Financial decentralization (DeFi) is a rapidly growing area of the crypto market that enables financial services to be developed on top of blockchain technology. As DeFi continues to grow and more platforms and projects become available, this could lead to increased adoption and more expensive prices for crypto.

Advances in crypto-based payment methods

As the market for crypto grows, more and more companies are starting to accept crypto as a means of payment. This could result in increased use of crypto in everyday transactions, and a rise in prices.
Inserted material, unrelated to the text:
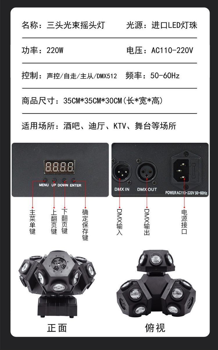 Barra de Luz Beam de Cabeza Móvil de Tres Cabezales LED Ktv Luz Láser Activada por Voz Luz Láser Giratoria Efecto Linterna de Escenario Comercial

Increased investment from sovereign wealth funds

The sovereign wealth fund, also known as government-owned investments, are beginning to look at crypto as a potential asset class. As more funds dedicate a part of their assets to digital currencies, this could increase demand and higher prices.

Cryptocurrency is used for cross-border payments

One of the main advantages of crypto is the ability to make fast and cheap cross-border payments. As more businesses and individuals are beginning to make use of cryptocurrency for international transactions, it could result in increased the demand for it and a rise in prices.

Increasing numbers of crypto ATM’s

The number of crypto ATM’s continue to grow, it will become easier for consumers to purchase and store cryptocurrency, which can boost demand and increase prices.

Development of security tokens

Security tokens, which are digital assets that signify ownership in an asset like stock or real estate is a fast-growing segment of the cryptocurrency market. Since more and more security tokens will be issued and traded, it could result in a rise in demand, and thus higher costs for cryptocurrency.

More adoption by merchants

In the event that more merchants begin accepting cryptocurrency as a method of payment, it will make it more convenient for people to utilize and store crypto, which could increase demand and price.

So, is crypto likely to rise in 2023? It’s only time to find out. However, with these aspects being considered, it’s possible that the crypto market could see a recovery in 2023. If you’re looking to invest for the long haul patience and discipline is crucial.